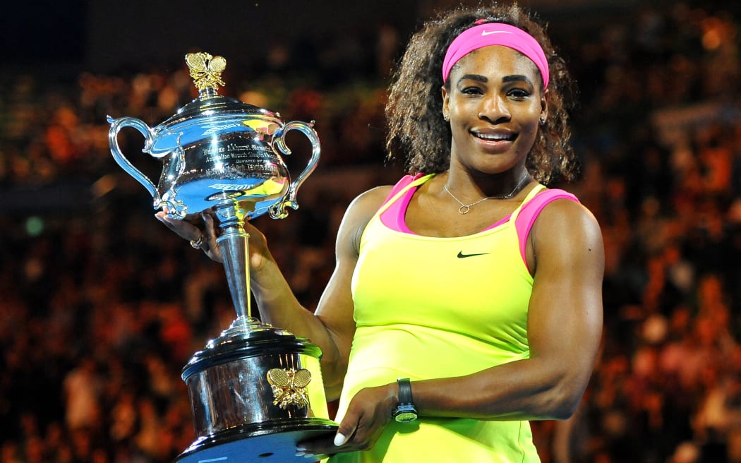 Serena Williams poses with the Australian Open trophy for the sixth time Photo: Photosport
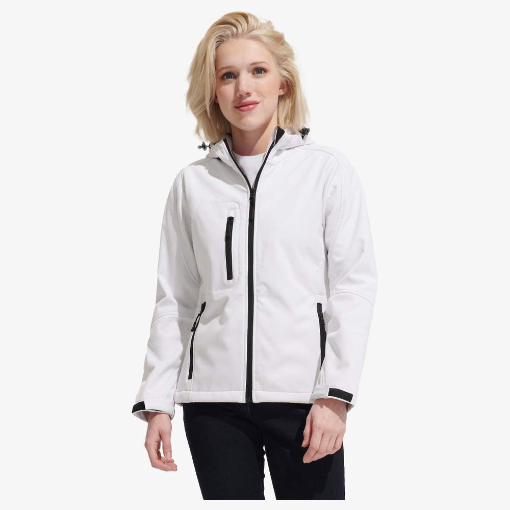 Abbigliamento softshell cappuccio per donna, progettato per offrire comfort e protezione. L'esterno in poliestere ed elastan garantisce una certa flessibilità e resistenza, mentre la membrana TPU assicura l'impermeabilità e la traspirabilità. Questo abbigliamento è dotato di due tasche laterali e una tasca sul petto, tutte con zip, per un ripostiglio sicuro. Un cordoncino di serraggio regolabile in vita e i polsini regolabili permettono di adattare l'abbigliamento alle proprie esigenze. Il cappuccio, anch'esso dotato di un cordoncino di serraggio, offre una protezione aggiuntiva.
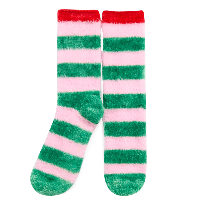 Add a pop of festive fun to your loungewear with the Jolly Socks! Made from soft, fuzzy fabric and finished with rubber grip bottoms, these socks are as functional as they are fabulous. Whether you’re baking cookies, hosting movie night, or just getting cozy, the Jolly Socks are the perfect pick for every joyful moment.
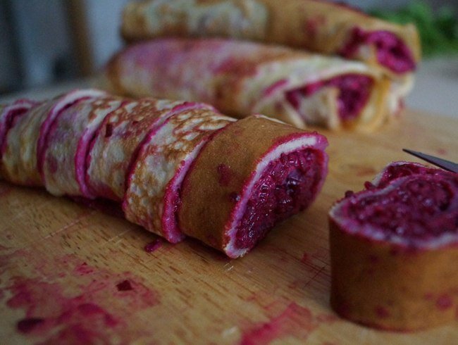 5. Начинкой смазать блин, сложить треугольником или трубочкой.
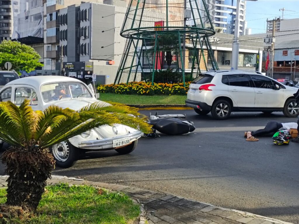 Um acidente de trânsito envolvendo uma motocicleta Honda Biz e um veículo Peugeot 308 foi registrado por volta das 7h25 da manhã desta quarta-feira (28), na avenida Getúlio Vargas, esquina com a rua Sete de Setembro, na rotatória da Ortobom, em Chapecó.

******

Return the listing above word for word. Keep the images out.

**RESULT:**
 Serena Williams poses with the Australian Open trophy for the sixth time Photo: Photosport
 Abbigliamento softshell cappuccio per donna, progettato per offrire comfort e protezione. L'esterno in poliestere ed elastan garantisce una certa flessibilità e resistenza, mentre la membrana TPU assicura l'impermeabilità e la traspirabilità. Questo abbigliamento è dotato di due tasche laterali e una tasca sul petto, tutte con zip, per un ripostiglio sicuro. Un cordoncino di serraggio regolabile in vita e i polsini regolabili permettono di adattare l'abbigliamento alle proprie esigenze. Il cappuccio, anch'esso dotato di un cordoncino di serraggio, offre una protezione aggiuntiva.
 Add a pop of festive fun to your loungewear with the Jolly Socks! Made from soft, fuzzy fabric and finished with rubber grip bottoms, these socks are as functional as they are fabulous. Whether you’re baking cookies, hosting movie night, or just getting cozy, the Jolly Socks are the perfect pick for every joyful moment.
 5. Начинкой смазать блин, сложить треугольником или трубочкой.
 Um acidente de trânsito envolvendo uma motocicleta Honda Biz e um veículo Peugeot 308 foi registrado por volta das 7h25 da manhã desta quarta-feira (28), na avenida Getúlio Vargas, esquina com a rua Sete de Setembro, na rotatória da Ortobom, em Chapecó.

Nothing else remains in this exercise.